Your book and article recommendations on this topic are welcome in the comments.

Web3: returning ethics to networked reality

Web3 means a return to the network. Data is stored on blockchains, which are operated by the network of its users. This means that the ownership of the blockchain is distributed across its users. Scale that out far enough and the concept of measuring an individual’s level of ownership becomes abstract to the point that one could argue that the data on the blockchain is ownerless. This level of decentralization allows for the emergence of individual agency over the data they have custody over.

What makes the NFTs and tokens in your cryptowallet ‘yours’? Do you own them? Well… not really, the ownership is distributed across the blockchain. But you have custody over this data – you are uniquely in control, since you hold the keys to what happens to this data. This is why people warn about blockchains that are not sufficiently decentralized: you may have custody over your data, but a conglomerate of network operators could band together to seize ownership of it.

The reality of having a level of custody over your data to a degree that practically feels like ownership and that data being public and transparent creates a new reality to build in. New platforms can come along and tap into all the data that already exists. They don’t have to ask anyone for permission. Many blockchains, like Ethereum, are designed to be ‘permissionless’. As people build up their ‘on-chain’ profiles, they’ll place more importance on services that allow for interoperability for everything they’ve already collected. One example is the NFTs people spend money on: they value this data and platforms like Twitter & Instagram are mimicking web3 services by allowing folks to bring & display their NFTs inside the services.

This seems novel, but it’s been a de facto default for web3 services that are already years in the making. Snapshot, a governance tool for web3 organizations, allows anyone to connect their wallet, show that they have custody over certain tokens, and then allows them to participate in the respective communities’ votes. When the owner of popular NFT marketplace Hic Et Nunc took the platform down, the community scrambled to rebuild in record time. No important data was lost, because it was distributed on the network.

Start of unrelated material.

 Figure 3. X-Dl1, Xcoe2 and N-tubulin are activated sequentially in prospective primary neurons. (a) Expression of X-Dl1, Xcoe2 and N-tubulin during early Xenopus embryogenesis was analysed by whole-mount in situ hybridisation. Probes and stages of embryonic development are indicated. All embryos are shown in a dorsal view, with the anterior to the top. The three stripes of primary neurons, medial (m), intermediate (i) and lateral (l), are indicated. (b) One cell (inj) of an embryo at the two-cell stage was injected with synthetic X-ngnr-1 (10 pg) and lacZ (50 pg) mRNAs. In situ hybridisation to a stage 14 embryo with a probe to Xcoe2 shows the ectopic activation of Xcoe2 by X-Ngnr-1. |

This creates a security mechanism: since the data is public and users hold the custody over it (as opposed to private & platform-owned), platforms that run afoul of their users’ best interests may see the community ‘fork’. That means they take their data & bring it elsewhere. The lack of interoperability has created a lock-in effect on users that is often leveraged to protect revenue and growth numbers. For example, if you leave a music streaming service, you lose access to all your playlists. If you leave a messaging app, you lose access to all your group chats & chat history. This is not the case with open standards like email, which you can access from multiple apps and services and even completely migrate to new service providers.

Web3 doesn’t lock-in like this (and if a ‘web3’ platform or blockchain does have this effect then it’s not ‘web3’ and you should think twice before spending your time or money there). Instead web3 services try to create long-term alignment with the users they cater to, since people can leave any time. This alignment takes the form of opening up participation in governance, as well as giving the users custody of the tools they use through tokens which can be used for governance, but often also come to represent the perceived value of a service (akin to shares, but without dividends).

Are the days of extractive platform economics behind us? Definitely not and I’d wager it will be a part of the internet’s economy for as long as we see the same extractive dynamics in other parts of our economies. But we do have the toolset to build things in fairer ways, almost like publicly governed and funded infrastructure – governed by the networks of people that make use of it.